Keywords: Psoriasis, CCTA, Coronary artery disease, Biologic therapy, Coronary plaque characteristics
1. Introduction
Cardiovascular disease remains the leading cause of death, with residual risk due to inflammation being an emerging critical target.1,2 In a recent study of patients with myocardial infarction (MI) and high residual inflammatory risk (high sensitivity C-reactive protein >2 mg/L), canakinumab, a monoclonal antibody targeting interleukin-1β (IL-1β), decreased the rate of non-fatal MI, non-fatal stroke, and cardiovascular death without affecting cholesterol levels.3 Findings from the study support the need to expand our understanding of potential effects of biologic therapies on coronary vasculature.
Psoriasis is a chronic inflammatory skin disease associated with accelerated atherosclerosis affecting about 3% of the population. Severe psoriasis is associated with early MI risk by over 50%,4 with rates of coronary artery disease being similar to Type 2 diabetes.5 The inflammatory milieu of psoriatic skin harbours cytokines critical to early atherogenesis and plaque rupture, with derangements in pro-inflammatory and pro-atherogenic cytokines, such as IL-1β, interleukin-17 (IL-17), and tumour necrosis factor-α (TNF-α).

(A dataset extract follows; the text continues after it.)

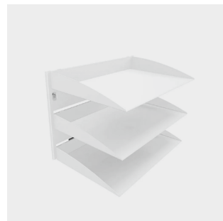
Sorting compartment 3xC4

Psoriasis, when severe, is treated with biologic therapy. This provides a reliable model to study inflammatory atherogenesis and the longitudinal impact of modulating specific cytokines on vascular behaviour, while treating the primary skin disease with FDA approved biologic therapies.6 In this context, the aim of this study was to perform coronary artery plaque characterization before and after biological therapy in an open-label, one-year follow up study. We hypothesized that these inflammatory driven phenotypes of coronary plaque, including lipid-rich, non-calcified coronary plaque burden, and lipid-rich necrotic core, would decrease following biological therapy compared with patients not treated with biologic therapy after one-year.
2. Methods
2.1 Study design and population
In a prospective, observational study, 290 participants participating in an ongoing cohort study to understand the association between psoriasis and cardiometabolic disease under the Psoriasis, Atherosclerosis and Cardiometabolic Disease Initiative were recruited from 1 January 2013 through 31 October 2018 with 238 completing one-year follow-up and 121 consecutive patients meeting the inclusion criteria (Supplementary material online, Figure S1). Detailed inclusion and exclusion criteria of the study have been previously reported.7 A study provider confirmed the onset and duration of psoriasis and assessed psoriasis severity using the Psoriasis Area and Severity Index (PASI) score, which combines the severity of lesions and the area affected into a single score, considering erythema, induration, and desquamation within each lesion. Previous psoriasis literature has established that the degree of PASI score response defined as greater than 50% improvement is clinically significant and denotes meaningful improvement.8 For this study, only participants who were naïve to biologic or systemic therapies at baseline were included and followed for one year with clinical and laboratory data as well as serial coronary computed tomography angiography (CCTA). Biologic therapy initiation was performed one day to one month after the initial visit whereby an independent dermatologist started treatment. Treatment agents included TNF-α inhibitors (adalimumab, etanercept), interleukin-12/23 inhibitor (ustekinumab), and interleukin-17 inhibitors (secukinumab, ixekizumab). Participants who elected to not receive biologic therapy at their follow-up visit were used as a referent group and were treated with topical and/or light therapies only. Individuals on systemic therapies or started on statin treatment over the course of the one-year study period were excluded. Study protocols were approved by the institutional review board at the National Institutes of Health and all participants provided written informed consent. The study was in accordance with the Declaration of Helsinki. Strengthening the reporting of observational studies in epidemiology guidelines were followed for reporting the findings.9
2.2 Sample size calculations
Modulation of the primary outcome, non-calcified plaque burden, was assessed on a per-artery basis, yielding 363 total arteries in a cohort of 121 study subjects based on prior published methods.10,11 We hypothesized a 15% difference in non-calcified plaque burden with a standard deviation (SD) of 0.5 between treatment groups. Thus, the evaluation of 182 arteries was required for a study with 90% power.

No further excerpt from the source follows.